李青的嘴角掛著一抹淡淡的微笑,透露出一種胸有成竹的自信。
他緩緩轉身,面向在座的所有人,目光掃過每一個人,仿佛在無聲地宣告著什么。
讓眾人覺得不可思議的是,李青伸出手直接在張偉的嘴角取下一個剛剛吐出來,還沒來得及整理的茶葉渣滓,他用兩根手指輕輕的拿起,在張偉的面前晃了晃,有些嫌棄的說道。
“張總,這茶葉的味道應該還不錯吧!”
張偉見李青手中拿著的茶葉,立馬神情就變的慌張,趁著李青一個不注意,他竟然一口將李青手中的茶葉吞到了肚子里。
“小子,我怎么會給你贏我的機會,哈哈。”
張偉自認為自己做的天衣無縫,畢竟在他看來,這茶葉渣滓被自己吞了下去,李青根本就沒有機會去驗證這茶葉的品種。

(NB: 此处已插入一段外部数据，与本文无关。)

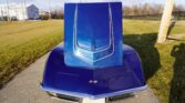 This 1971 Chevrolet Corvette coupe is finished in blue over a black interior and is powered by a numbers-matching 350ci LT-1 V8 mated to a numbers-matching Muncie M-20 four-speed manual transmission. Equipment includes a Holley carburetor, LT-1 hood graphics, removable T-top roof panels, pop-up headlights, a removable rear window, a chrome luggage rack, Rally wheels, a push-button radio, and an Astro Ventilation system.

但是讓張偉沒想到的是,李青竟然一臉的平靜,好像一切都是他有意為之的。
“張總,我要贏你也不需要你吃剩的啊。”
聽李青說完,張偉才發現自己被騙了,他已經開始惱羞成怒,指著李青氣憤的說道。
“小子,你別得意,我們現在每人贏了兩局,最后的兩罐茶葉只要我說對了一個,我就贏了,等下你就知道馬王爺有幾只眼了。”
他憤怒的對李青說完,開始回想著剛才口中茶葉的味道。
想了一會,便胸有成竹的說道。
“剛才的兩種茶種,其中一種是大紅袍,另一種是......”
張偉說到最后一種的時候,支支吾吾的好半天也說不上來。
李青這才接過話茬,道:“最后一種是極為罕見的鐵觀音中的母樹茶,市面上幾乎已經絕跡,這種茶葉生長的條件極為苛刻,每年產量極低,幾乎都被一些大收藏家和茶葉愛好者所瓜分,尋常人根本無緣品嘗。張總,你說我說的對嗎?”
李青說完,臉上露出了一抹自信的微笑。
張偉聽著李青的話,臉色變得越發難看,但還是硬著頭皮說道。
“你胡說,你所說的母茶早就絕技了,就算你再有錢也買不到,你不要以為自己懂點茶道,就可以蒙混過關,就算你能騙的了我,你也騙不了阮爺的。”
說到這,張偉抬起頭看向前方的阮文遠,一臉諂媚的看著,希望阮文遠這時候能站出來幫他說話。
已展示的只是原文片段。